Officially launched in June 2009, these two new tools have successfully - though not without controversy completed an elaborate process of consultation and negotiation. Today, after almost ten years they are entering the phase of reality-testing and implementation.

All three of the recently developed European tools (ECVET, EQARF and the European Qualifications Framework, EQF) are part of a shift toward assessing learning outcomes (i.e. what the learner knows and can do at the end of the learning process) rather than inputs. 

National qualifications frameworks based on learning outcomes on the model of the EQF,  which are now being developed in the Member States, will allow people more freedom to develop their own learning pathways. These frameworks are complemented by competence assessment (validation) and credits for prior learning (ECVET and, for higher learning, ECTS); the documentation of knowledge, skills and competence (Europass); and a comprehensive approach to guidance and counselling.

Quality assurance: external and internal dimensions  

Ultimately the success of our qualifications systems will depend on whether EQARF manages to generate mutual trust.  The EQARF recommendation , which calls on Member States to develop national quality assurance approaches by 2011, is an acknowledgment that all stakeholders need to have confidence in each others VET activities.  

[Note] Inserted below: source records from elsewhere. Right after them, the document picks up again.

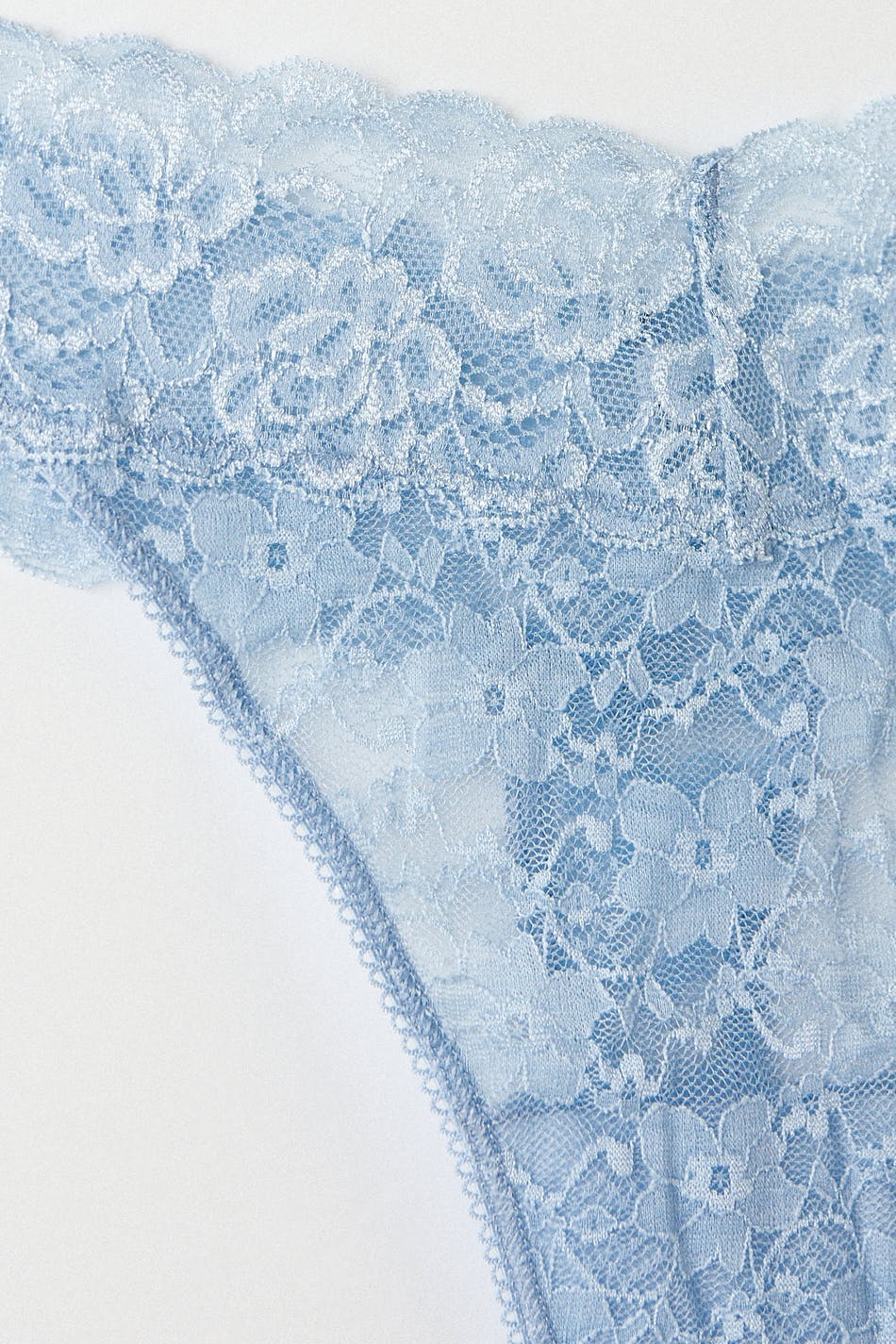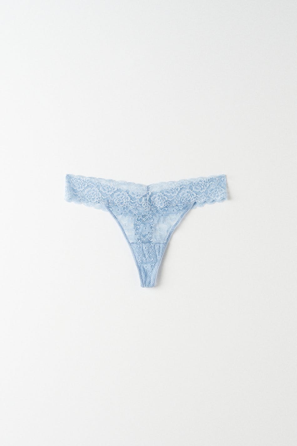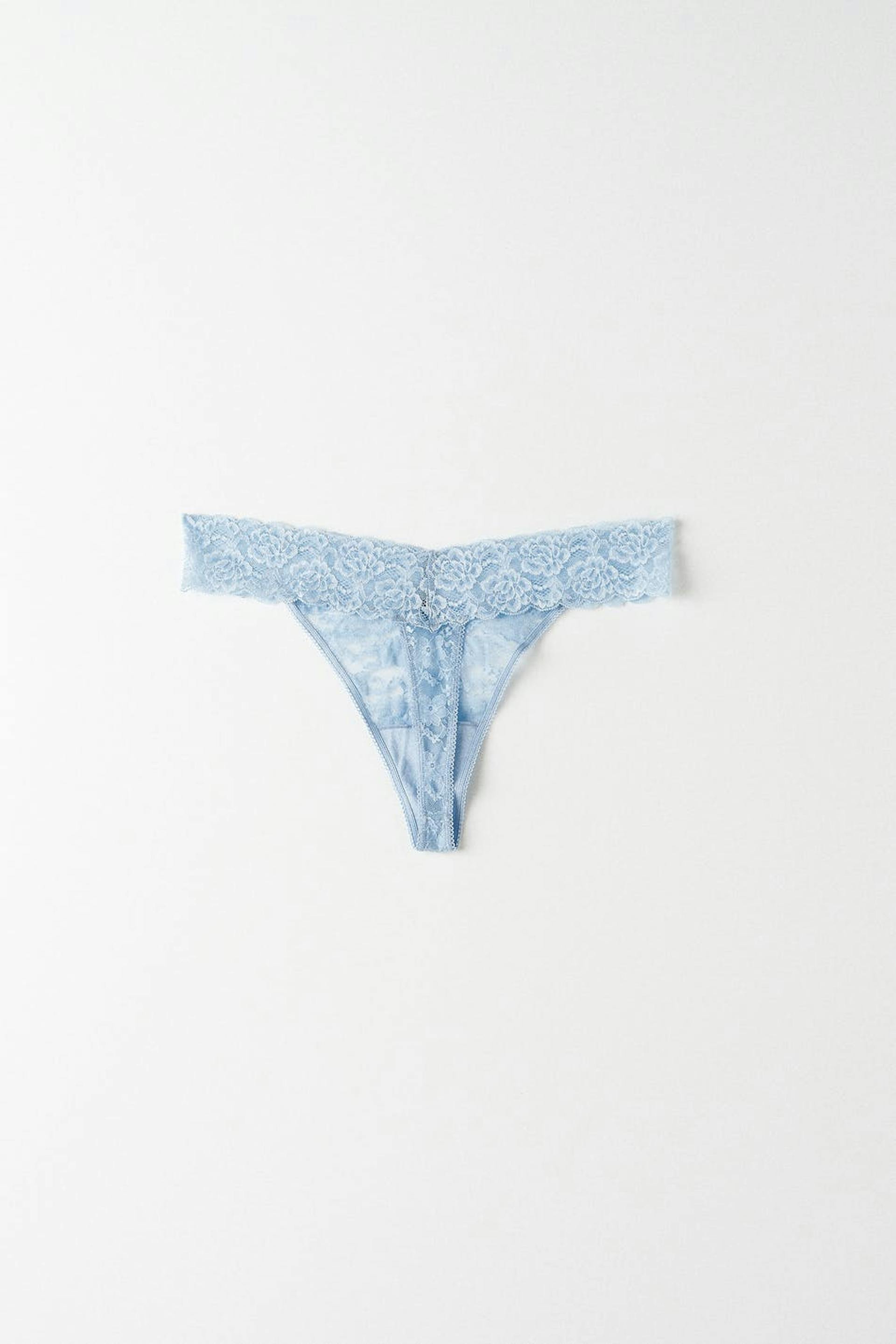 Stringit pehmeällä, elastisella pitsikankaalla. Stringit ovat sinisiä ja niissä on vuorattu haara.
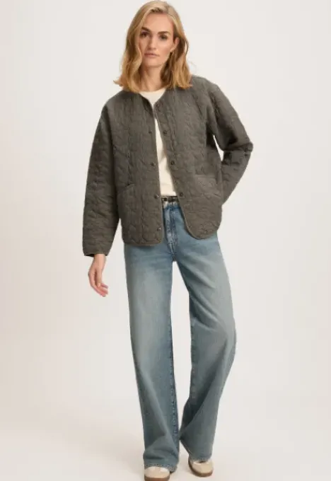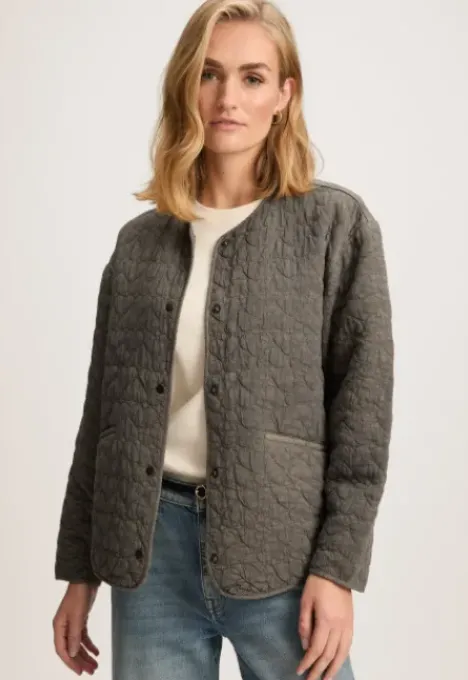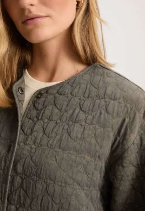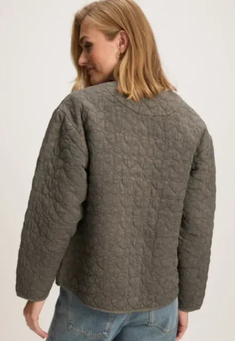 Dit is het Milla Jack van het merk Madness. Dit jack heeft een all-over gequilt hartjes patroon, een drukknoopsluiting, paspelzakken en ronde afwerkingen.
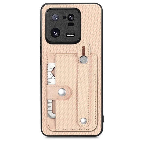 Para Xiaomi 13 Pro Wristband Kickstand Wallet Back Phone Case con Tool Knife (Khaki)

Quality assurance encourages transparency between highly diverging vocational education and training (VET) systems by providing a common language and benchmarks that everyone can refer to. The European Quality Framework is therefore a translation device between VET systems and lifelong learning provision throughout Europe .

Within many countries, ensuring the quality of different qualifications systems calls for a complex set of arrangements, many of which are not formalised in a single code of practice .  EQARF can assist Member States in supporting and monitoring the continuous improvement of their VET systems this is, indeed, the ultimate objective of all VET tools. Moreover, quality assurance encloses all aspects of training and can help integrate vocational education with the rest of the education system.


Credit transfer: partnerships make it possible 

European tools such as ECVET  challenge established partnerships and routines. This was revealed in the pilot phase of ECVET implementation. Some of the pilot projects tackled permeability between VET and higher education an issue in which feelings run high, especially in countries where higher education has traditionally enjoyed a much higher social status than vocational education. Other pilot projects dealt with barriers between occupational sectors also traditionally a source of mistrust and between VET traditions, which vary widely between countries and even regions.

These ECVET projects could not have worked without the development of strong partnerships - between bodies that design and award qualifications, on the one hand, and education and training providers on the other. Nothing less will guarantee the relevance and legitimacy of all qualifications on the labour market.

Next steps

There is still some way to go before we can effectively link together the tools for education and training stakeholders. Moreover, developing these new European tools can often face the resistance of established patterns. 

But the solutions elaborated out of the current crisis, and the development of National Qualifications Frameworks and pilot projects for European tools and initiatives are all signs that stakeholders are ready to cooperate more closely on qualifications. A more effective management of VET system and providers away from input steering and control and towards outcome recognition is emerging in several Member States.